RBA avança na implementação de tokenização, registando ganhos de 24 mil milhões de dólares à medida que stablecoins e tokens bancários assumem papéis distintos no mercado.
A tokenização está a ganhar força na Austrália, e o Banco de Reserva afirma que o debate está a evoluir. Numa intervenção na quarta-feira, o Governador Assistente Brad Jones descreveu o Projeto Acacia, um teste de ativos tokenizados e de “dinheiro” de liquidação digital. O banco estima ganhos de eficiência anuais de 24 mil milhões de dólares, com stablecoins e tokens de depósito bancário a servirem mercados diferentes.
O banco central da Austrália está a passar de uma fase de exploração da tokenização para o planeamento do seu uso prático. Numa intervenção na quarta-feira, o Governador Assistente do Banco de Reserva da Austrália, Brad Jones, enquadrou o Projeto Acacia como prova de que a questão agora é “como”, não “se”.
Ele acrescentou que stablecoins e tokens de depósito emitidos por bancos podem desempenhar papéis diferentes, mas distintos, dentro do sistema. Segundo os resultados do Projeto Acacia, a tokenização poderia proporcionar cerca de 24 mil milhões de dólares em ganhos de eficiência anuais para a economia australiana.
O impacto potencial poderia ser ainda maior se surgirem novos mercados. Jones observou que, embora os riscos ainda exijam uma análise cuidadosa, o banco central já dispõe de provas suficientes para avançar para a implementação prática. Ele afirmou que qualquer implementação deverá manter a estabilidade financeira global.
O Projeto Acacia analisou 20 casos de uso em obrigações governamentais, obrigações corporativas, operações de recompra (repos) e fundos de investimento. O trabalho também testou a liquidação através de quatro formas de “dinheiro tokenizado”: incluindo CBDC grossista, saldos de contas de liquidação em bolsa, stablecoins e tokens de depósito bancário.
Os resultados do teste sugerem que o dinheiro privado tokenizado pode ser utilizado em vários mercados.

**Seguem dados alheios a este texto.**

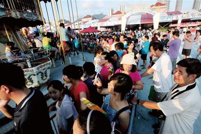 記者在現(xiàn)場還注意到,有不少大學(xué)生也是結(jié)伴來游玩。高洋是中國海洋大學(xué)二年級的研究生,女朋友從濟南趕過來看他?!拔沂堑诙陰淹婕文耆A?!备哐蟾嬖V記者,剛開學(xué)不到一周,功課不太緊張而且周末時間也多,所以多陪陪女友。

O governador assistente afirmou que as stablecoins provavelmente servirão segmentos menores e emergentes. Por outro lado, os tokens de depósito bancário podem assumir um papel maior em mercados mais estabelecidos, devido ao seu respaldo regulatório e acesso à liquidez do banco central.
Segundo a intervenção, uma parte importante do projeto envolveu a emissão de uma CBDC grossista em livros-razão externos. Essa etapa visou examinar questões de eficiência e segurança quando o dinheiro grossista fica fora dos sistemas tradicionais.
Brad Jones afirmou que as conclusões do Acacia foram amplas, apontando para outras vias para tornar o mercado financeiro grossista da Austrália mais dinâmico. A intervenção também identificou obstáculos no setor grossista. Jones citou efeitos de rede enraizados que limitam a concorrência.
Ele acrescentou que a aversão ao risco, ligada à incerteza legal e regulatória, assim como falhas de coordenação que atrasam o planeamento estratégico, representam desafios. Para enfrentar essas barreiras, o Banco de Reserva da Austrália planeia colaborar com reguladores, o DFCRC e participantes do setor.
O plano inclui um novo espaço de testes de infraestrutura de mercado financeiro digital, concebido como uma plataforma faseada para testar ativos tokenizados, dinheiro e arranjos de liquidação. O RBA também planeia rever as políticas de acesso às contas de liquidação em bolsa, após a aprovação das reformas pendentes na licença de prestadores de serviços de pagamento.
Jones observou que as opiniões do setor sobre a CBDC grossista continuam divididas. Ele afirmou que as empresas frequentemente descrevem-na como “potencialmente útil, mas longe de essencial”. Ainda assim, apontou para o crescimento da atividade nos EUA nos mercados de recompra tokenizados, onde a atividade diária se aproxima dos 400 mil milhões de dólares.